WHAT WE TELL PARENTS AND PATIENTS — When asked about the risks of anesthesia by parents, patients, and care providers, clinicians should state that while children who need surgery and anesthesia have worse scores in some neurodevelopmental outcomes compared with children who do not need surgery and anesthesia, these differences cannot yet be attributed to anesthesia exposure, and there is still uncertainty that exposure to anesthesia has any lasting effects in children or fetuses [78].

Some institutions and clinicians have elected to routinely include discussion of the potential risks of neurotoxicity of anesthetics as part of informed consent [79] and there are resources available for those interested in doing so, including information on the website for the Society for Pediatric Anesthesia.

SOCIETY GUIDELINE LINKS — Links to society and government-sponsored guidelines from selected countries and regions around the world are provided separately. (See "Society guideline links: Pediatric anesthesia".)

SUMMARY AND RECOMMENDATIONS

●State of the literature

•The risk of adverse neurodevelopmental effects from anesthetic agents in children remains uncertain. Many clinical studies including meta-analyses have reported that compared to unexposed children, children with exposure to general anesthesia have more adverse neurodevelopmental outcomes, particularly in specific domains. Anesthetic exposure appears to have limited to no impact on the cognition domain as measured by IQ testing, but stronger association has been reported in domains of motor function and behavior.
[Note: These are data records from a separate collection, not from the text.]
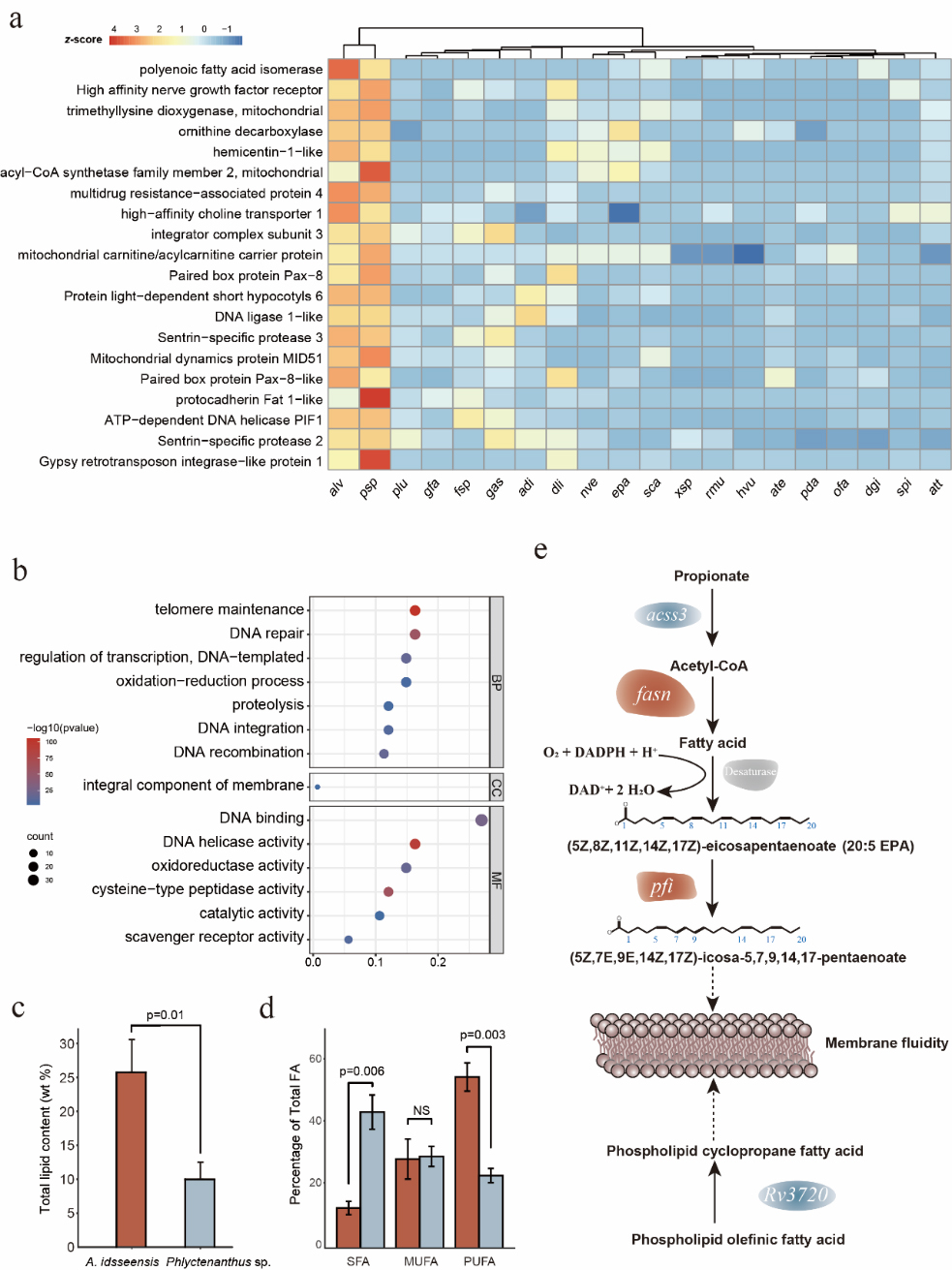 高靜水壓力會影響細胞膜流動性、蛋白質穩定性、DNA 結構和細胞骨架等,該研究結合團隊已發表的深海海葵(Paraphelliactis xishaensis)基因組,通過分析發現在兩個深海海葵中有22個基因家族發生了共同擴張,富集分析發現這些基因家族與DNA修復和細胞膜有關。為進一步分析高靜水壓力對于細胞膜功能的影響,研究人員比較了該海葵和淺海海葵的總脂含量,發現該海葵相對于淺海海葵具有較高含量的多不飽和脂肪酸。有趣的是,參與不飽和脂肪酸合成的多個基因(fasn, acss3, pfi,和 Rv3720)發生了改變,其中fasn 基因在馬里亞納獅子魚Pseudoliparis swirei 基因組中同樣發生擴張,這可能是深海生物應對高靜水壓力的趨同進化。
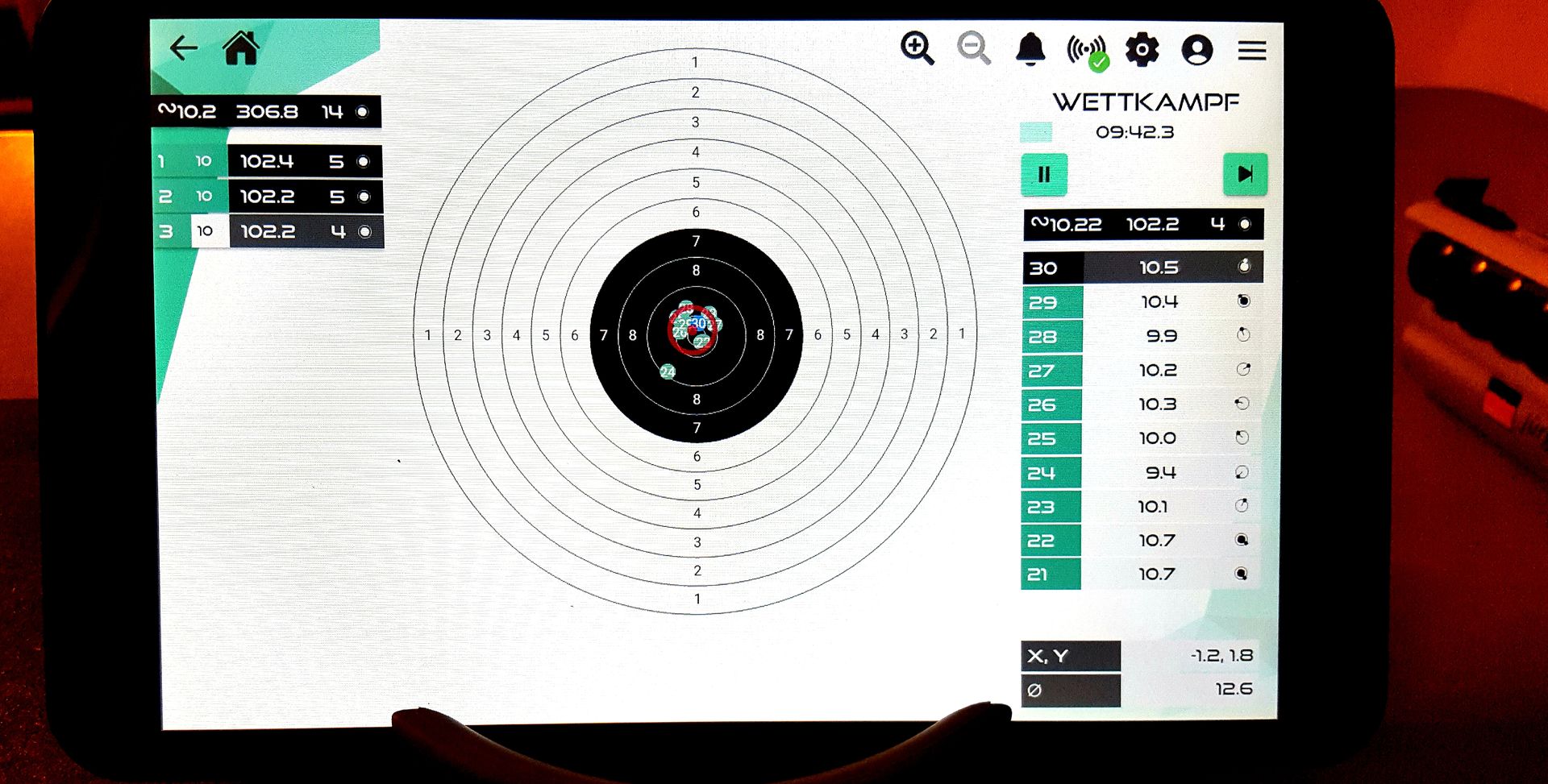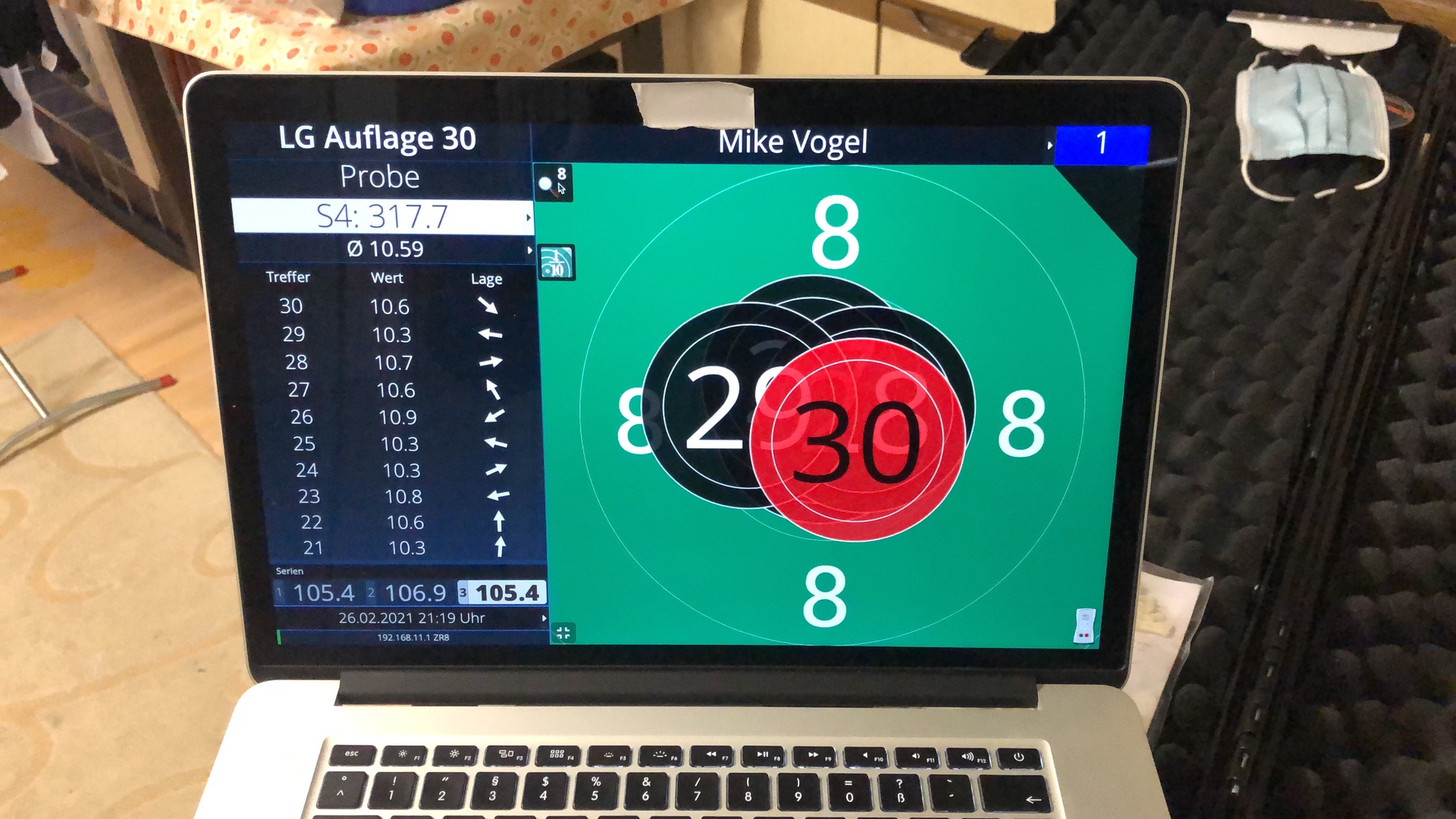 So, Sportquantum S10 montiert und in Betrieb genommen. 9 Munuten für die Maueranker zur Befestigung der 12,5 kg Zielscheibe gebraucht und 1 Minute für das 1. Hochfahren und Verbinden des Tablets. Gleich mal einen Wettkampf LP Auflage geschossen- Visierung noch nicht ganz optimal auf Zielscheibe eingestellt- aber schon mal gut.![]()
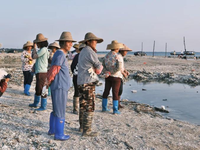 2022年5月4日,广东湛江遂溪北潭蚝场,一群老年妇女在等待蚝船归来。北潭镇有大量专业的生蚝养殖户,收蚝的时候镇上的其他人可去帮忙,按收蚝的重量给付工钱。
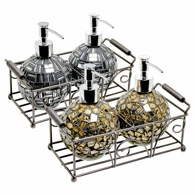 The mosaic glass round soap/lotion dispensers makes a fantastic addition to your modern bathroom, with two new funky colours to choose from displayed in a decorative metal basket
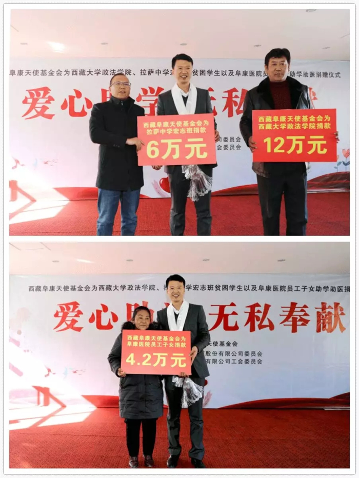 本次捐贈儀式,西藏阜康天使基金會為西藏大學(xué)政法學(xué)院30名貧困學(xué)生,每人每年捐助4000元的生活補貼,總金額為120000元人民幣;為拉薩中學(xué)宏志班10名學(xué)生,每人每年6000元的生活補貼,總金額60000元人民幣;為阜康醫(yī)院內(nèi)部6名貧困員工的子女(4名助學(xué);2名助醫(yī))給予助學(xué)助醫(yī)補助,每人每年6000元,總金額36000元人民幣。為社會學(xué)生2名(1名高中生、1名大學(xué)生);每人6000元,共計12000元人民幣。此次捐贈總金額為228000元人民幣。此外阜康醫(yī)院還分別為西藏大學(xué)政法學(xué)院20名和拉薩中學(xué)20名身體存在健康隱患的學(xué)生開通綠色體檢通道。
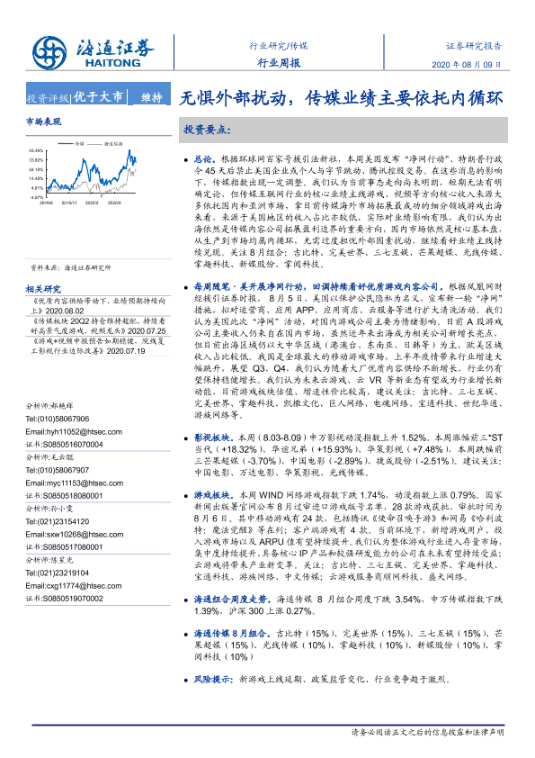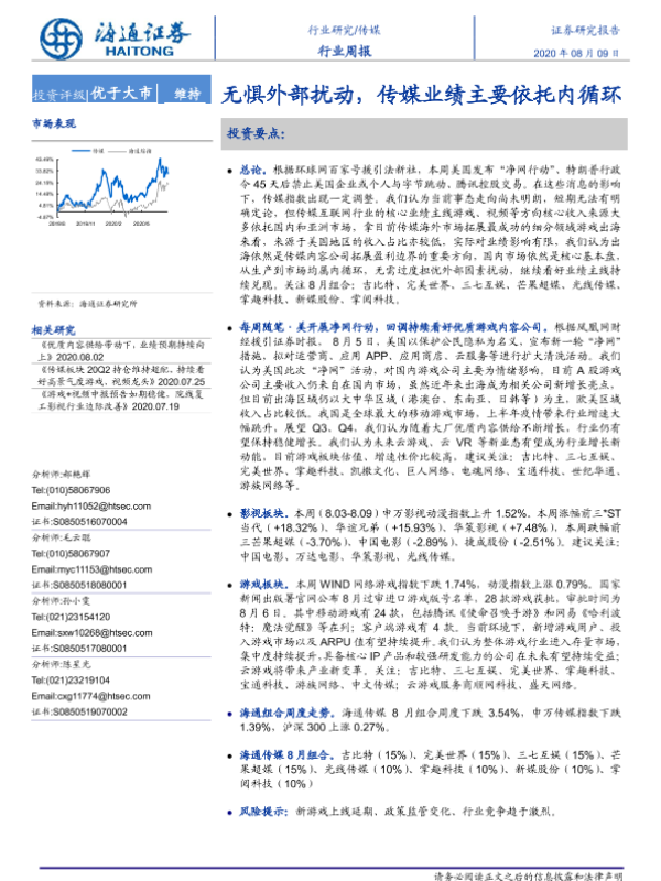 【海通证券】【20200809】20200809-海通证券-传媒行业周报:无惧外部扰动,传媒业绩主要依托内循环-10页
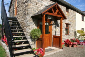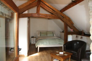 The Hayloft is a double en-suite with vaulted ceiling, exposed A frame and beams. There are lovely views over the garden and across open fields. The en-suite has a toilet, washbasin and a large luxury shower. A large room with plenty of space to sit and relax. Coffee and tea making facilities. There is direct access through a half glazed door and down a wrought iron staircase to the garden.
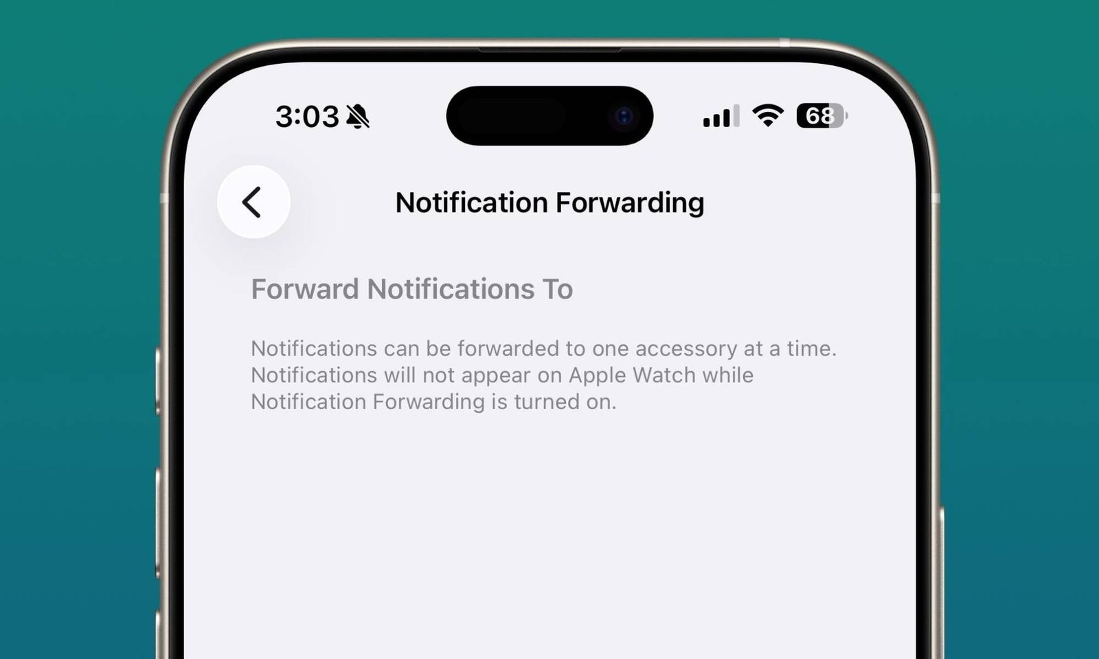 La descripción de la función señala que solo un dispositivo portátil puede recibir notificaciones reenviadas a la vez. También añade que cuando el reenvío de notificaciones está activado, las alertas dejarán de aparecer en un Apple Watch conectado al mismo iPhone.
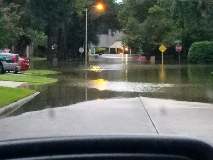 These photos show the clubhouse pool. There is an olympic sized pool there somewhere as well as tennis courts and a large parking lot. This was taken right before the street flooded in the latter photos. You can see that intersection is now fully flooded and I wasn't able to get further down due to the high water.
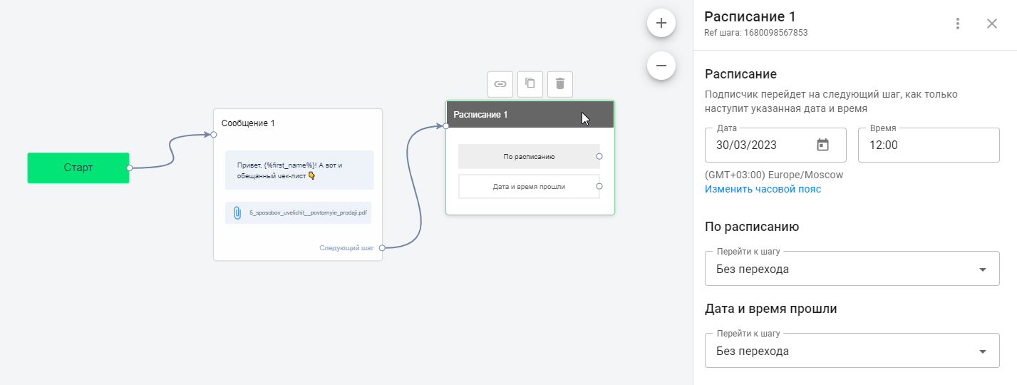 Как и шаги «Действия», шаги «Задержка» не видны пользователям, как текстовые сообщения. Они нужны для внутренней настройки цепочки. Этот блок позволяет отправить следующее сообщение через N секунд, минут, часов или дней.
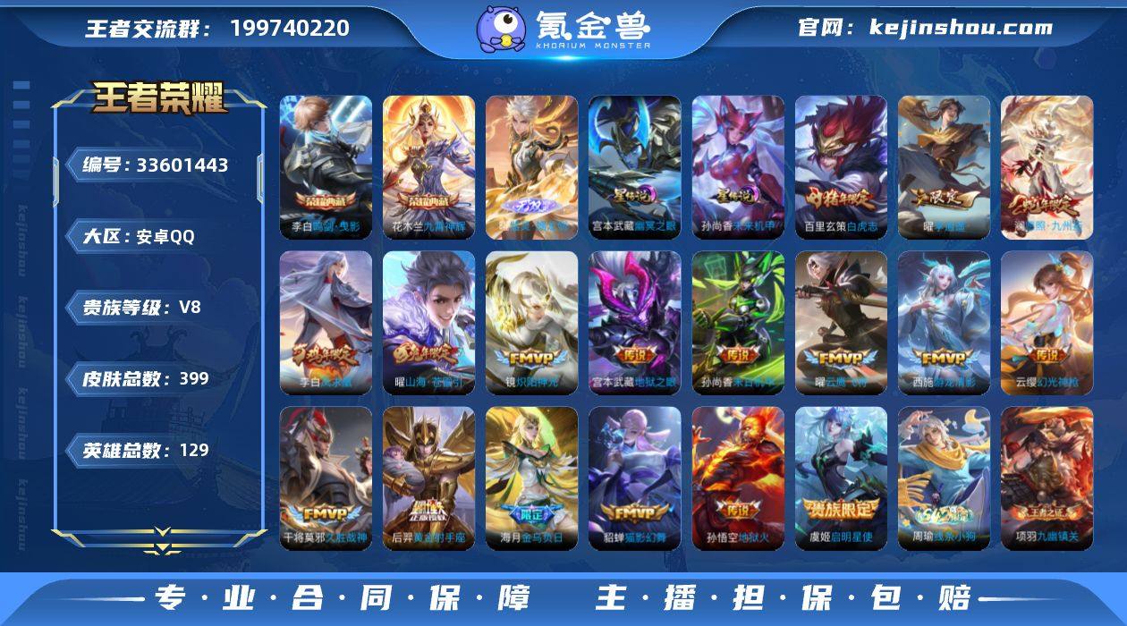 399皮肤 128英雄 17传说 2典藏 1无双 v8极品账号 海月东方曜全皮肤 李白和花木兰的典藏 东方曜的无双限定 有玄策的白虎志猴子的至尊宝 还有孙尚香末日机甲和宫本武藏地狱之眼的星元 感兴趣的可以来咨询 我发对应的详图
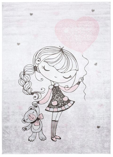 Dywan EmmaDziecięcy Szary Dziewczynka Miś Antypoślizgowy
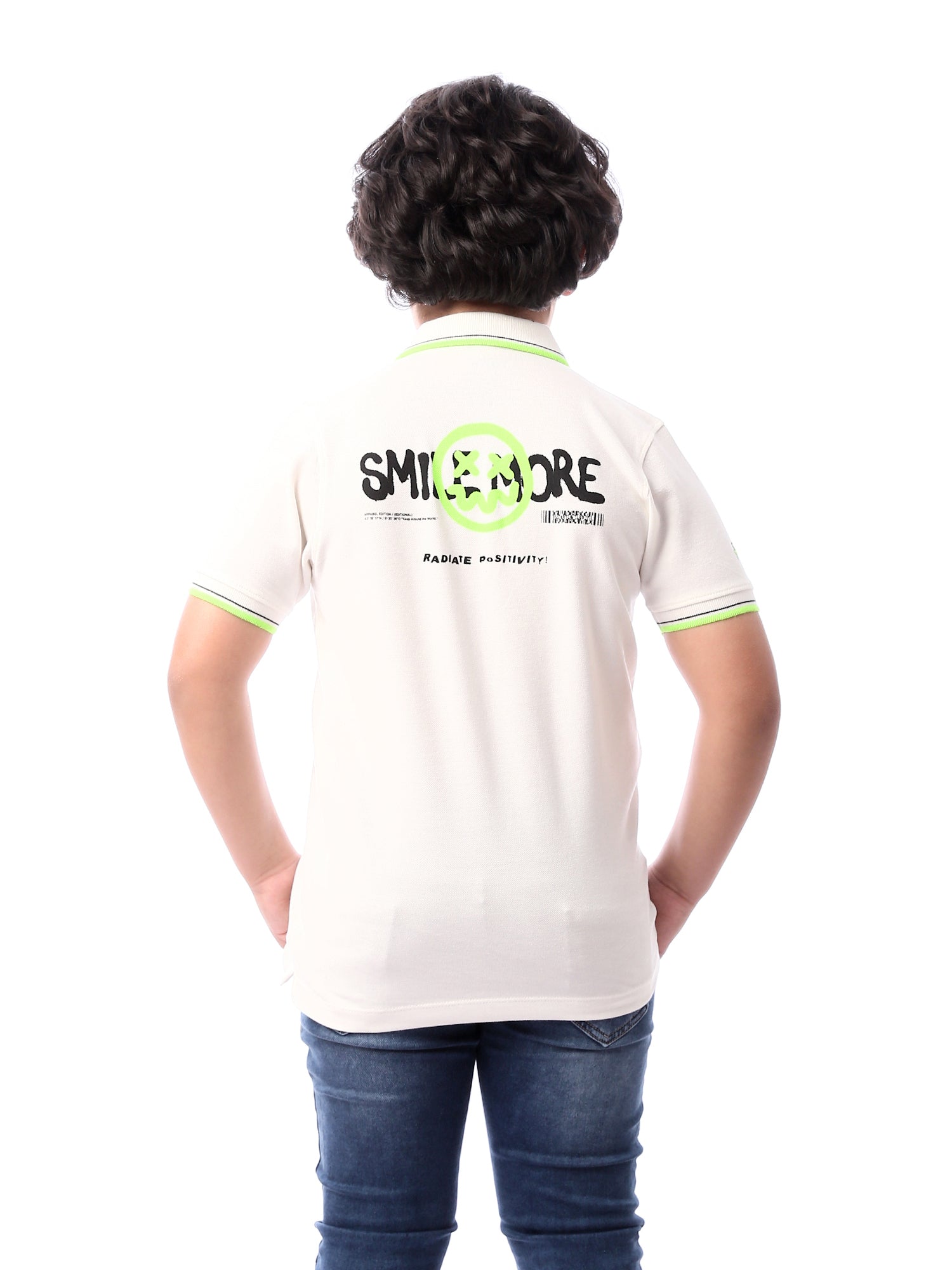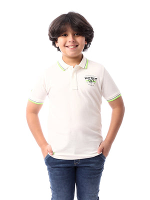T-shirt polo pour garçon en blanc avec une impression distinctive sur le devant et un design moderne incluant des détails verts autour du col et des manches. Idéal pour un usage quotidien, il apporte une touche d'élégance à toute tenue. Fabriqué en coton doux, il assure un confort optimal pour l'enfant tout au long de la journée. Un excellent choix pour les journées d'été ou même pour les activités sportives, alliant confort et style.

However, at this time there is inadequate evidence to directly attribute this effect to the anesthesia. (See 'Lack of definitive evidence in human studies' above.)

•Results from the only published randomized clinical trial to date suggest that a single anesthetic exposure has no effect on intelligence or on a range of other neurodevelopmental outcomes at age five years. (See 'Prospective, randomized trial' above.)

•There is one observational study reporting an association between prenatal exposure and subsequent abnormal behavioral scores, but given the limitations of the study, it does not provide adequate evidence to justify any changes in clinical practice, particularly since avoiding necessary surgery during pregnancy can have significant detrimental effects on the mother and the child. (See 'Prenatal exposure to anesthesia' above and 'The FDA warning' above.)

●What we tell parents – While children who need surgery and anesthesia have worse scores in some neurodevelopmental outcomes compared with children who do not need surgery and anesthesia, these score differences are small with unclear clinical significance, and these differences cannot yet be fully attributed to the anesthesia exposure. Children who undergo surgery and anesthesia and those who do not are different in ways that may not have been fully accounted for in the available studies. Thus, there is still uncertainty that exposure to anesthetic medications has lasting effects on children. (See 'What we tell parents and patients' above.)

●Practice implications – The potential risks of exposure to anesthesia must be weighed against the benefits of the surgical or diagnostic procedure. Given the uncertainty that any long-term effects in children are due to the anesthetic medications, and the potential for complications if necessary surgery is avoided or delayed, changes in clinical management should not be made based on the potential risk of neurotoxicity of anesthesia. (See 'The FDA warning' above.)